Good feeling, the Cheméo crawler is now crawling again the web. The crawls are still performed in batchs, that is, the crawler is only launched every few months, not like Google which is accessing the websites every day.
This time, the crawler has been improved to discard non interesting pages before crawling and rewriting the URL to avoid duplicating the crawl. For example the two URLs:
http://my-website.com/index.php?foo=bar&bing=bong
http://my-website.com/index.php?bing=bong&foo=bar
are the same, because the query string bing=bong&foo=bar
passes two
keys bing
and foo
with values bong
and bar
. By rewriting the
URLs before the crawl, the system avoids duplicate crawling. Both the
crawler and the targeted website are now doing less work.
The crawler is alse using bloom filters to efficiently discard already crawled links and bad links and the best part of it is the storage of the retrieved data in a WARC file.

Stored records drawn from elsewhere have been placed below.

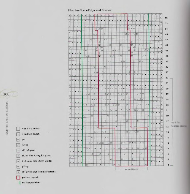 I find that knitting from a chart is much easier than knitting from written instructions. And here is a lace knitting chart for all those who care about this shawl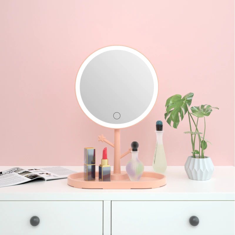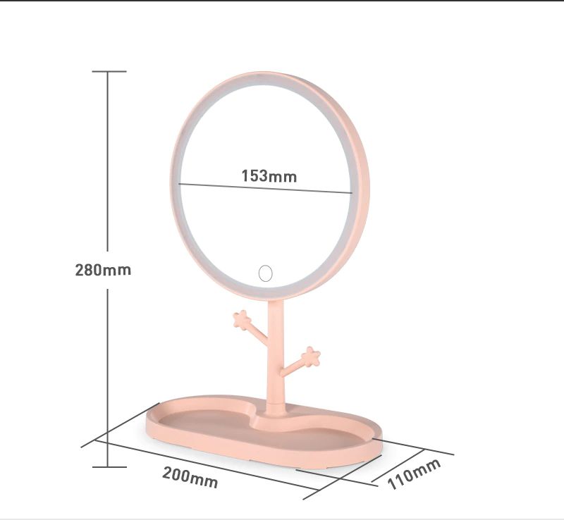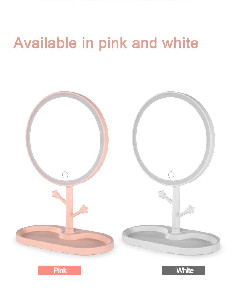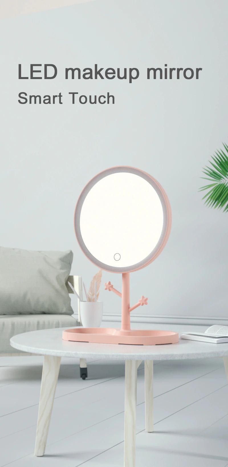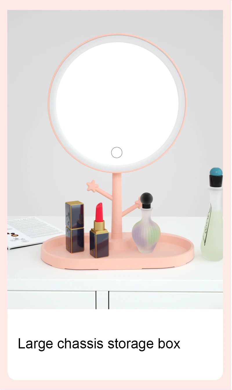 Miroir de maquillage LED avec lumière pour femmes, lampe de rangement de maquillage, miroir de vanité de bureau rond, miroirs cosmétiques, cadeaux de noël pour femmes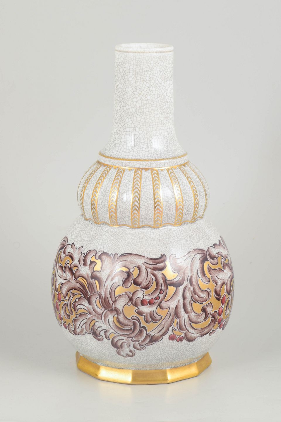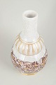 Elegant porcelain vase with tall slender neck and baluster-shaped body decorated with relief-style ornamentation in gilt and polychrome tones against a crackle glaze ground. The form and decoration reflect the refined decorative vocabulary of the art deco period. Model number 133/320, marked Dahl-Jensen Copenhagen underneath.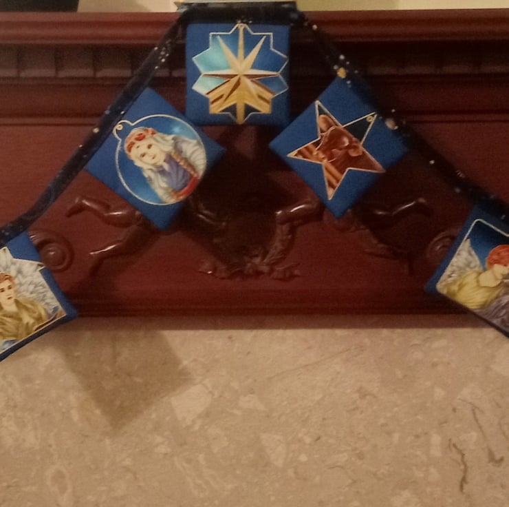 This bunting is 1.4m long with 30cm ties, and has 11 flags of the angels and manger animals.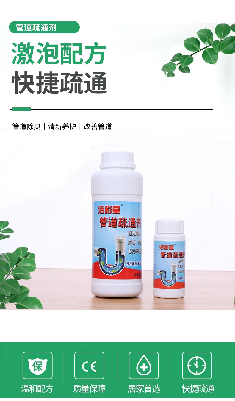 【疏通管道】洁彩星新型激泡通用除臭管道疏通剂激泡配方一到激泡无需加热水温和疏通分解堵塞物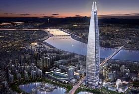 12月22日下午2点30分,长11.45米、重2.7吨的钢铁构造物从乐天世界大厦的76层开始送上建筑物最顶层123层。这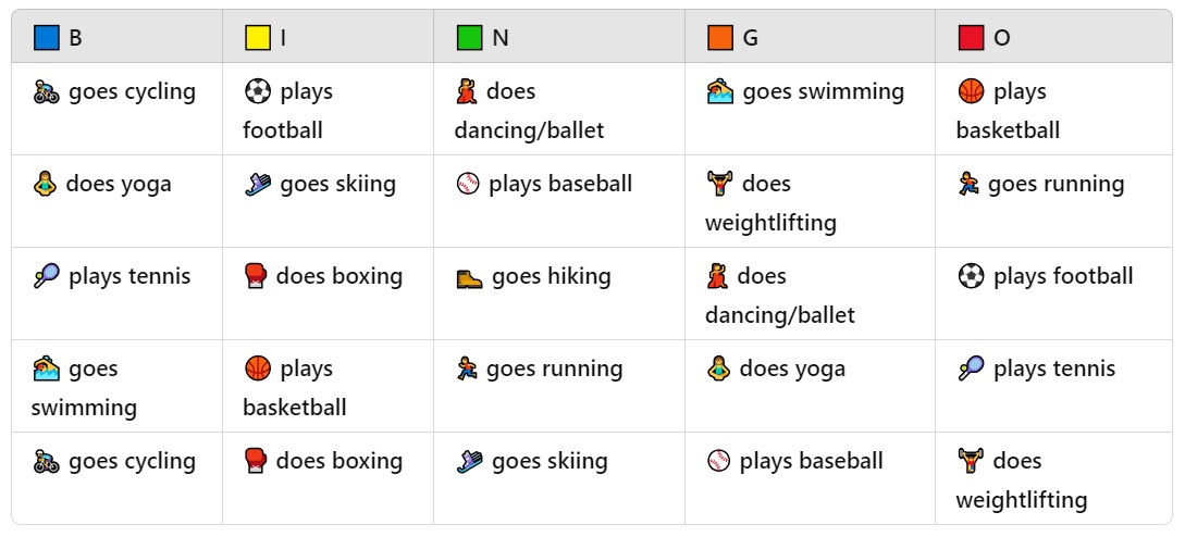 - Talk to your classmates to find someone who does the activities listed on the bingo sheet.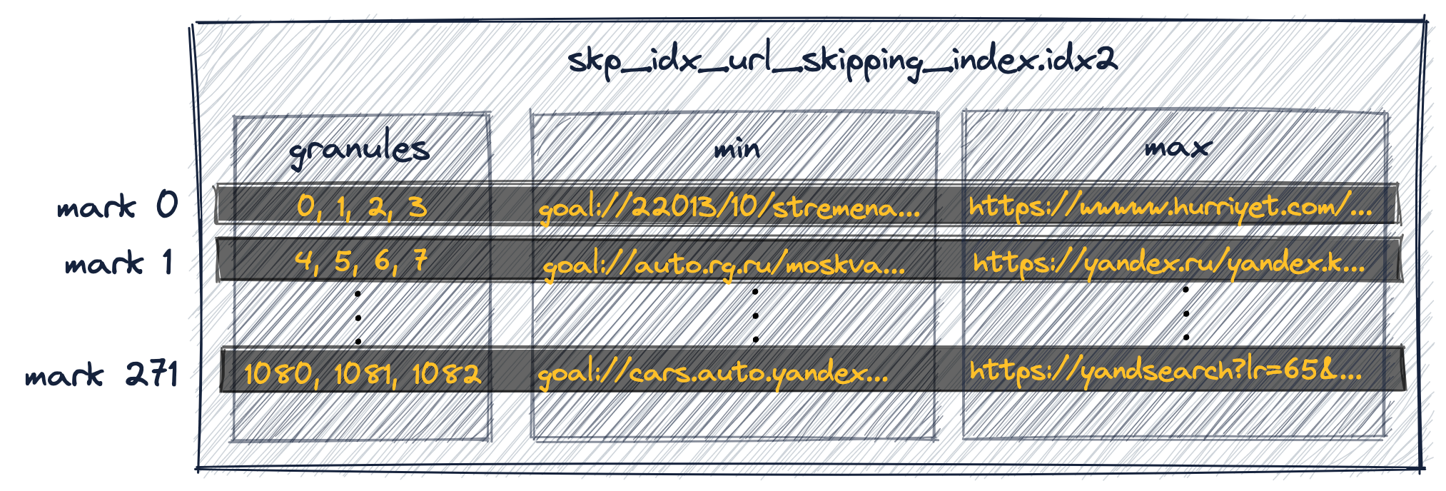 • the second index entry (‘mark 1’ in the diagram below) is storing the key column values of the first row of granule 1 from the diagram above, and so on.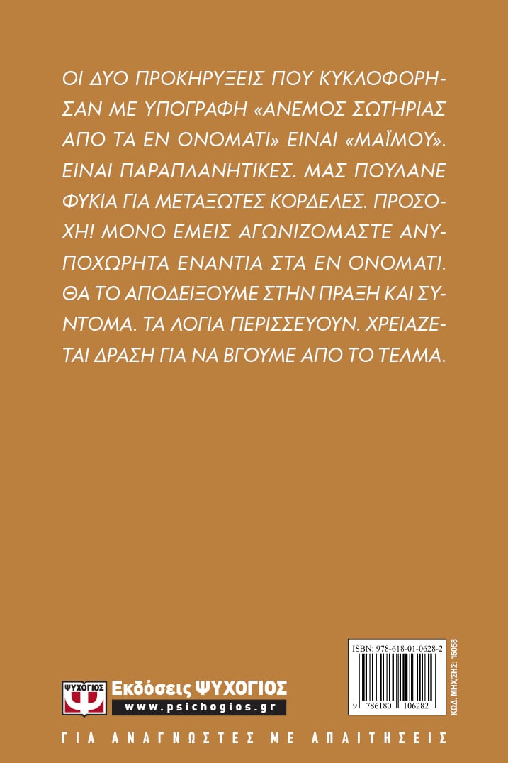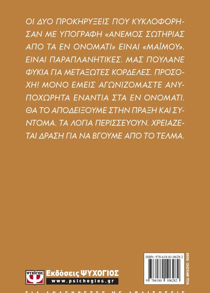 ΟΙ ΔΥΟ ΠΡΟΚΗΡΥΞΕΙΣ ΠΟΥ ΚΥΚΛΟΦΟΡΗΣΑΝ ΜΕ ΥΠΟΓΡΑΦΗ «ΑΝΕΜΟΣ ΣΩΤΗΡΙΑΣ ΑΠΟ ΤΑ ΕΝ ΟΝΟΜΑΤΙ» ΕΙΝΑΙ «ΜΑΪΜΟΥ». ΕΙΝΑΙ ΠΑΡΑΠΛΑΝΗΤΙΚΕΣ. ΜΑΣ ΠΟΥΛΑΝΕ ΦΥΚΙΑ ΓΙΑ ΜΕΤΑΞΩΤΕΣ ΚΟΡΔΕΛΕΣ. ΠΡΟΣΟΧΗ! ΜΟΝΟ ΕΜΕΙΣ ΑΓΩΝΙΖΟΜΑΣΤΕ ΑΝΥΠΟΧΩΡΗΤΑ ΕΝΑΝΤΙΑ ΣΤΑ ΕΝ ΟΝΟΜΑΤΙ. ΘΑ ΤΟ ΑΠΟΔΕΙΞΟΥΜΕ ΣΤΗΝ ΠΡΑΞΗ ΚΑΙ ΣΥΝΤΟΜΑ. ΤΑ ΛΟΓΙΑ ΠΕΡΙΣΣΕΥΟΥΝ. ΧΡΕΙΑΖΕΤΑΙ ΔΡΑΣΗ ΓΙΑ ΝΑ ΒΓΟΥΜΕ ΑΠΟ ΤΟ ΤΕΛΜΑ.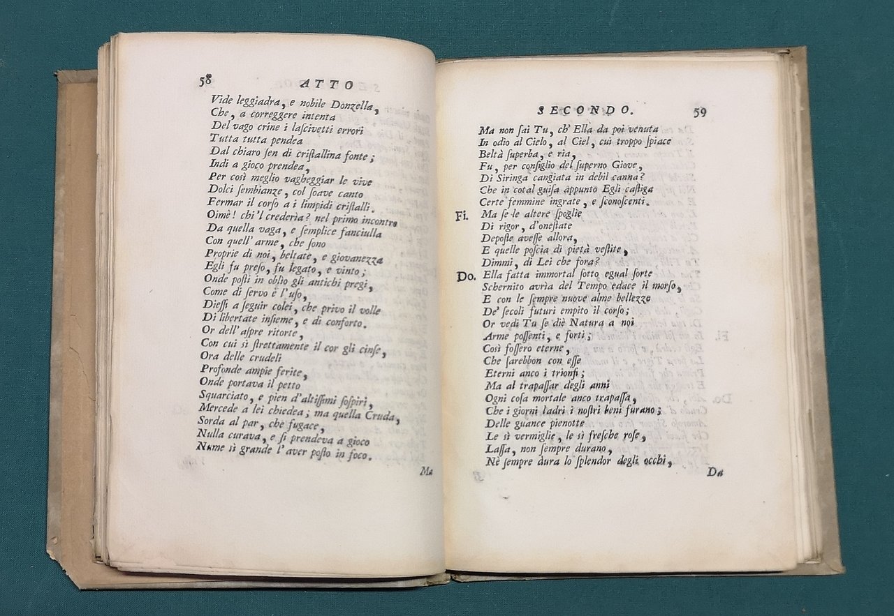 >in-4, pp. XII, 176, leg. cart. poster., tass. in pelle con tit. oro sul piatto super. Con 7 tavole a piena pag. f.t., assai belle, firmate da Giuseppe Pini, l'incisore di corte dei Farnese. Seconda e rara edizione, che seguì immediatamente la prima (1712), introvabile, di cui vennero soppressi tutti gli esemplari per gli innumerevoli errori commessi. Segue il testo una curiosa ''Protesta dell'Autore a chi ha letto'', in difesa dell'opera e dell'edizione. Il nobile parmigiano P. G. Balestrieri sviluppa qui il più classico dei soggetti adoperando con maestria ed equilibrio i versi sciolti; il risultato è un'opera, seppur scontata nei temi, di grande raffinatezza. Esempl. a pieni margini (ex-libris Sordelli). Allacci 101. Salvioli 336.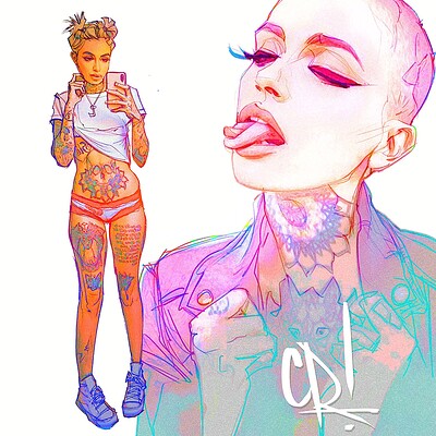 Stylish funky gal dances nude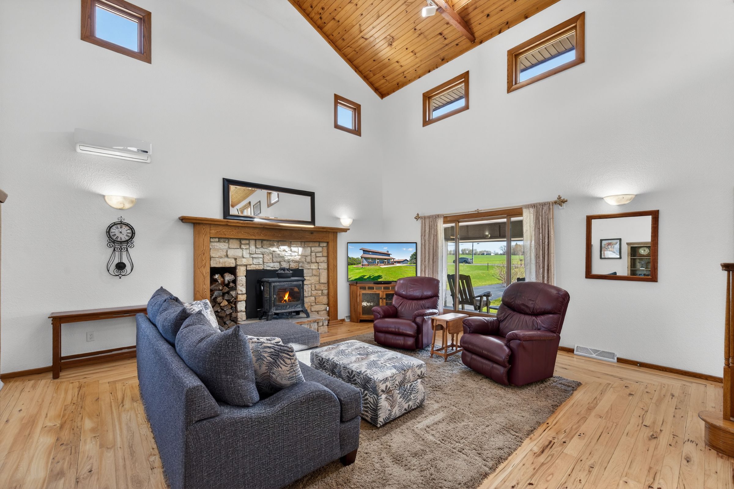 Embrace the ultimate country escape on two sprawling acres in Union Grove, bring your horses and hobbies to this rare find! This enchanting three-bedroom, two-bath colonial features a dramatic great room with vaulted ceilings and a large kitchen with beautiful cabinetry that opens to a dining area overlooking the grounds. The smart floor plan offers two main-floor bedrooms, while the upper level is an exclusive primary retreat with a loft, ensuite with dual vanities, and walk-in closet. Step outside to a backyard paradise! Relax on the deck, soak in the hot tub, or splash in the pool, all within a fenced yard offering ''privacy for days.'' Car enthusiasts and craftsman will marvel at the huge garage. Your peaceful country lifestyle starts here!

A WARC file, the Web ARChive file format, is a standard to preserve the content published online. It is a well though ISO standard with a pretty large number of tools available to manipulate them. The advantage for the crawler is that many versions of the same page can be stored, it is compressed and can be efficiently manipulated after the creation. This way, the parsing of the pages is performed in total independence of the crawling.
The current crawling session is expected to last approximately a month.
Update, 23rd of February: nearly 200,000 URLs crawled in 5 days, with 1.2 millions to crawl, the one month crawl is on track.